Private Internet Access, commonly known as PIA, is one of the largest VPN providers in the world.
In recent years it’s become a well-established brand that has had its no-logging policy tested in court, with success.
This week the company announced that some changes are afoot. PIA’s parent organization LTMI Holdings is in the process of a merger acquisition by the publicly traded Kape Technologies, which also owns the Cyberghost and Zenmate VPN services.
As part of the planned deal, Kape will pay $95.5 million. Part of this will be paid in cash, Vox reports, and Kape is also planning to pay the $32.1 million in existing debt PIA has on the books.
With the planned merger acquisition Kape hopes to become a dominant force in the VPN industry.
“In one acquisition, I believe we have positioned Kape to fast become one of the leading digital privacy service providers in the world, empowering consumers to manage their own data and digital security,” Kape’s CEO Ido Erlichman comments.
PIA’s CEO Ted Kim is also pleased with the deal and notes that it will help to improve the digital privacy and security of PIA’s subscribers worldwide.
There are no changes planned in the short term. The Private Internet Access name will remain in use for now, just as Cyberghost and Zenmate are still using their original brands. However, the acquisition has raised questions among some users.
Some have pointed at Kape’s history. The company had previously operated under the name Crossrider and was active in the advertising space.

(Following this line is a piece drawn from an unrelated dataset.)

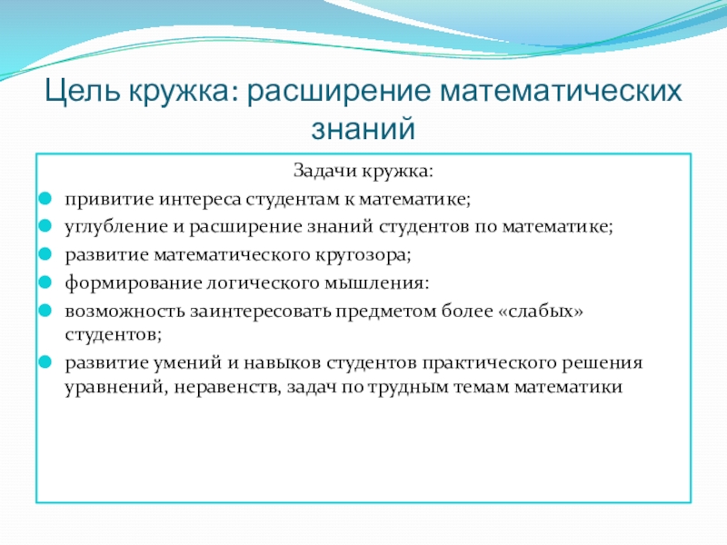 Цель кружка: расширение математических знанийЗадачи кружка:привитие интереса студентам к математике;углубление и расширение знаний студентов по математике;развитие математического кругозора;формирование логического мышления:возможность заинтересовать предметом более «слабых» студентов;развитие умений и навыков студентов практического решения уравнений, неравенств, задач по трудным

Among other things, it installed toolbars with ‘potentially unwanted software.’ While the company has since switched to a focus on cybersecurity, this past has made some people suspicious.
In an article addressing some of the questions, PIA assured its subscribers that its course is not going to change. According to Chief Communications Officer, Christel Dahlskjaer, privacy and security remain the top priority.
“From day one, we have been clear that your privacy is our policy and that the Private Internet Access VPN and our other privacy products exist to bring power to the people.
“The people are our stakeholders, and it is to you all, collectively, that we must remain accountable,” Dahlskjaer adds. She points out that PIA worked with Kape’s to establish a shared mission and guiding principles, which reflects the core values.
It’s inevitable that any corporate deal in the VPN industry will be watched closely and that’s a good thing. VPN providers rely on trust and should be judged by their actions. The company that protects its customers the best way it can, will ultimately be the most successful.
PIA believes that, by teaming up with Kape, it has the best shot at achieving this goal and asks users to give it the time to prove itself.
Disclaimer: PIA is one of our sponsors. This article was written independently, as all of our articles are. We generally don’t report on VPN business news but felt that it was good to mention this development.